During the aging, the balance between the generation and clearance of ROS can be disturbed resulting in an oxidative damage to outer segments of photoreceptors and progressive deterioration of the RPE . Several enzymes are important in the formation and reduction of ROS. The HO-1 and HO-2 may have an important role in diseases that involve oxidative stress, including AMD. Frank et al.  observed reduction in both HO-1 and HO-2 protein in old age and in RPE cells from eyes with evidence of neovascular AMD. Likewise, Miyamura et al.  found an age-related decline in HO-1 mRNA expression in the macula and the periphery of human subjects. Interestingly, an overexpression of HO-1 in photoreceptors protected them from subsequent cellular damage caused by an intense light exposure .
In general, the role of genetic variability in AMD has been extensively studied. Numerous case–control studies have confirmed the association between SNPs and AMD [21–26]. Recent studies also report a significant association between the genetic polymorphism of genes encoding antioxidant enzymes and development of AMD [37, 38]. Polymorphisms in the HMOX1 and HMOX2 genes have not been studied in AMD patients so far.
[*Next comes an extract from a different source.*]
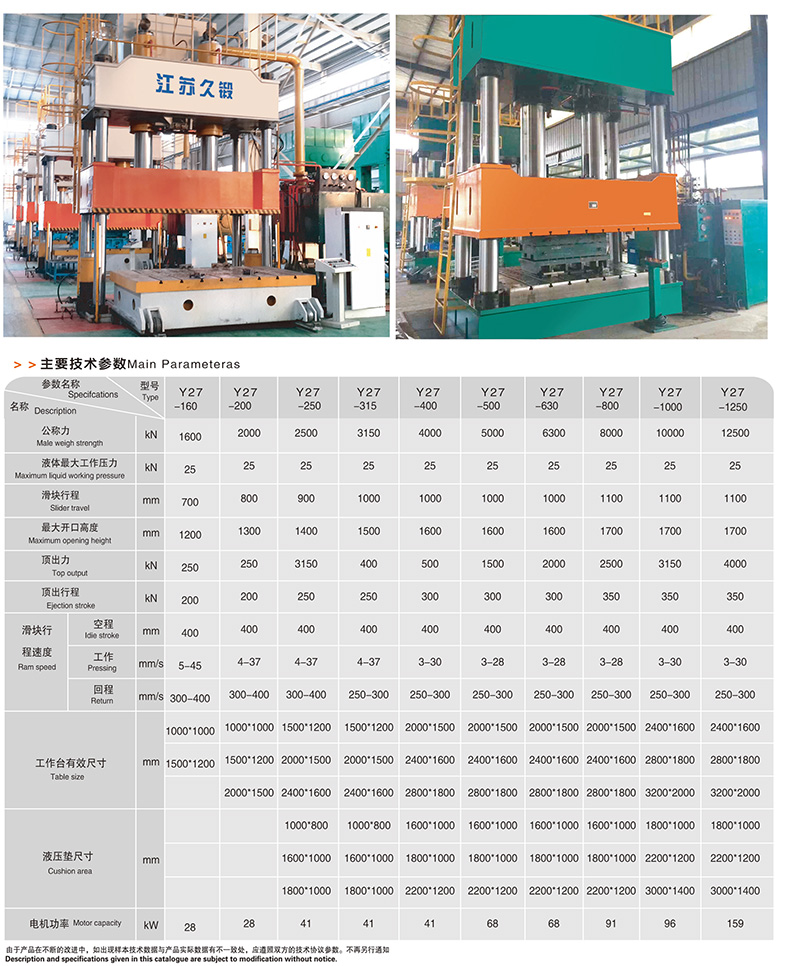 Y27系列四柱式、框 架式單動薄板拉伸液壓機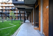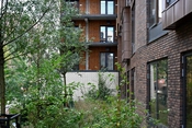 Altangangene mod det afskærmede gårdrum giver mulighed for ophold uden for egen bolig. Med mindre opholdslommer og sekundære trappeforbindelser imellem etagerne, bydes der op til et spirende liv med fællesskaber på alle niveauer.

The human HMOX-1 gene is located at 22q12 and consists of five exons spanning ~14 kb separated by four introns [39, 40]. We analyzed a G to C transversion located at the +19 cDNA position in the first exon of the HMOX-1 gene. This polymorphism causes change of aspartic acid to histidine at the amino acid position 7 of the HO-1 protein, but the clinical role of this change is unknown. A non-synonymous SNP site with a low gene diversity, relative to other SNP sites in the same gene that do not cause amino acid changes, might constitute a good candidate allele for disease association . Such substitution may directly affect the structure and stability of protein with a serious phenotypic consequences [42, 43]. We found that the occurrence of the G/C genotype and the C allele of the c.19G>C polymorphism of the HMOX1 gene increased the progression of AMD. Other studies showed that this SNP was not associated with Alzheimer’s disease in Japanese population and Parkinson’s disease in German population [44, 45]. The other polymorphism, −42 + 1444A>G-HMOX2, is located in the 5′ flanking region of the gene, consisting of five exons spanning ~12 kb [39, 40]. HO-1 (32 kDa) and HO-2 (36 kDa) share roughly 40% amino acid homology .
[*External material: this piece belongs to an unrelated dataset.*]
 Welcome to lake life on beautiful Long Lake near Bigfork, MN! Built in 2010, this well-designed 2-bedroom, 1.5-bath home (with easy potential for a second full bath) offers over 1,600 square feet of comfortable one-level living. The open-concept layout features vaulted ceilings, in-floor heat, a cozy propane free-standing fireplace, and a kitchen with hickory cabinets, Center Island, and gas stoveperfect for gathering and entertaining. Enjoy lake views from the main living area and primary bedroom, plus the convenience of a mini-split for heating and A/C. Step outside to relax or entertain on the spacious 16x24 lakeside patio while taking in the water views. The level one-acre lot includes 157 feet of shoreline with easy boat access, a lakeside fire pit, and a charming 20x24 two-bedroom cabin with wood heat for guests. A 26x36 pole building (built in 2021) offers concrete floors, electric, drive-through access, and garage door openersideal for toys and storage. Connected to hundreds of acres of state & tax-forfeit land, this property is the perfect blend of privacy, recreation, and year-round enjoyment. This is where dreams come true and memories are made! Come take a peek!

In summary, our results suggest that the 19G>C polymorphism of the HMOX1 gene and the −42 + 1444A>G polymorphism of the HMOX2 gene may be associated with individual susceptibility to AMD. The identification of SNPs that are associated with variation in gene expression in the retina and in the eye in general might help to identify specific molecular signatures of AMD and ultimately help to improve quality of life of AMD patients.
In conclusion, our findings suggest that the 19G>C-HMOX1 polymorphism and the −42 + 1444A>G-HMOX2 polymorphism may be linked with the development of AMD.
This study was supported by the grant number N N402 248336 of Ministry of Science and Higher Education.
Conflict of interest statement The authors declare that there are no conflicts of interest.